Using chatbots in customer service
There are several advantages to using chatbots in the 'Customer Service' department:

  • You can adapt chatbots to your company and the way you work. This way you give customers the feeling that they are talking to real people
  • Chatbots learn from previous contacts with customers and thus become better and more efficient
  • In addition, chatbots are available 24/7. Your customers will therefore always receive a quick and good answer to their (also complicated) questions about your products and services.

And does it work? According to a survey of customers in the insurance industry, 83% were satisfied with the support provided by an AI chatbot. And of e-commerce companies that use chatbots for intelligent product searches, product recommendations, inventory alerts, and post-purchase questions, 90% say they have experienced improvements in their operations, and more than 80% have seen improved customer conversation handling.
Experts therefore expect cost savings in retail, healthcare and banking to run into the billions.
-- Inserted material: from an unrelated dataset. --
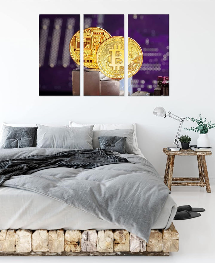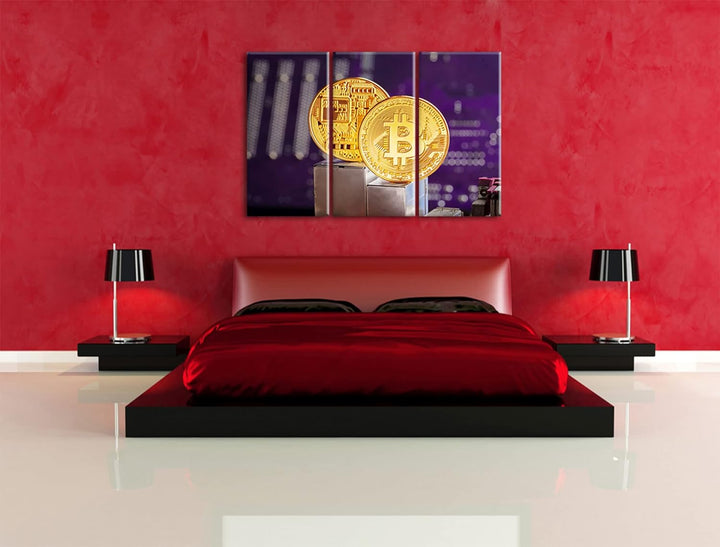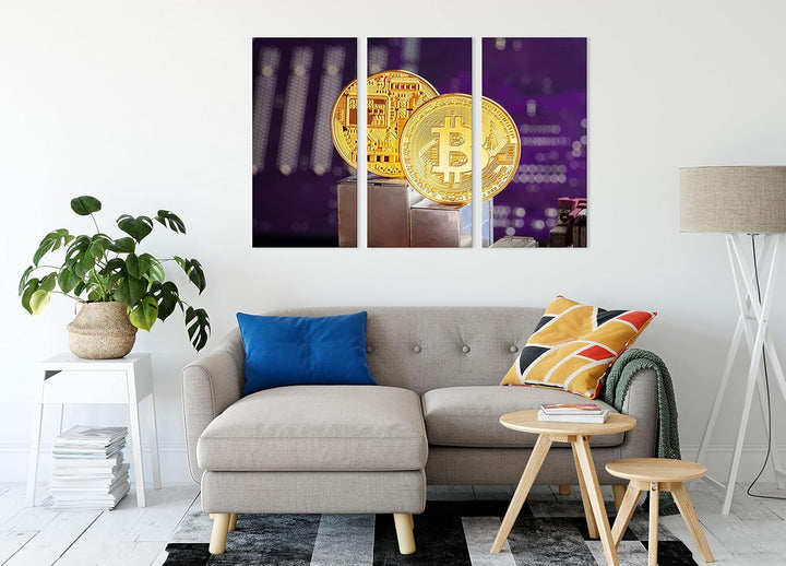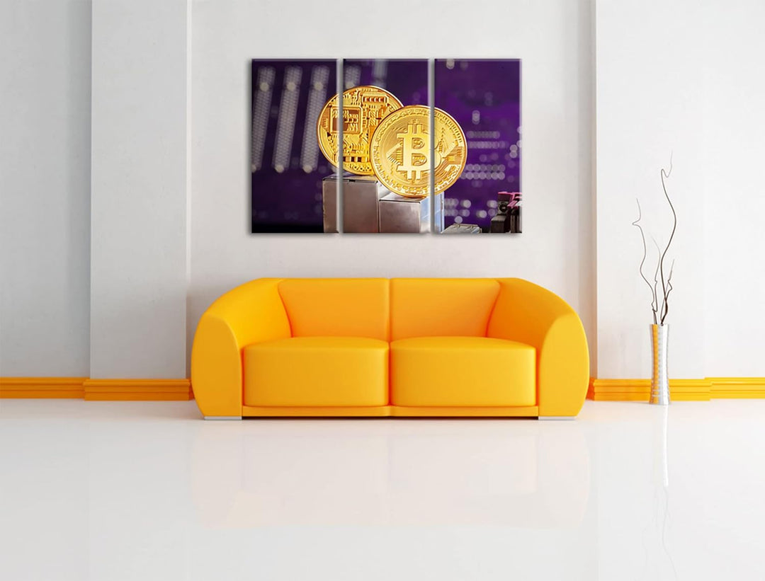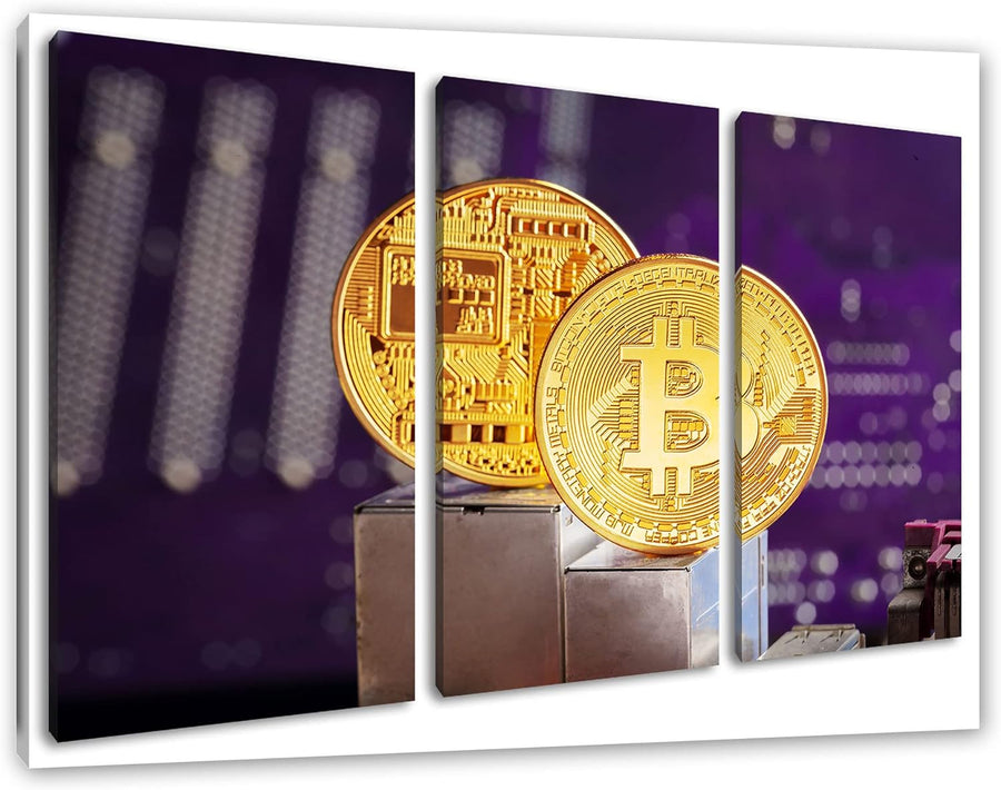 Bitcoin BTC auf Platineals Leinwandbild 3 teilig | Grösse: 120x80 cm | Wandbild | Kunstdruck | ferti

However, there is a big "but". You have to tailor the interaction options and conversation to your customers. Based on good data management, the chatbot needs ongoing training in natural language processing (NLP) so that he/she can provide an accurate answer and understand the needs of the customer.
Google has been developing chatbots for several years and already has a chatbot that is the equal of ChatGPT, but has waited a while to launch. The reason given is that it wants to make the chatbot even more reliable. Now that 'Code Red' has been declared internally, Google will undoubtedly soon come up with its own chatbot that can do the same as ChatGPT, if not better. So to be continued.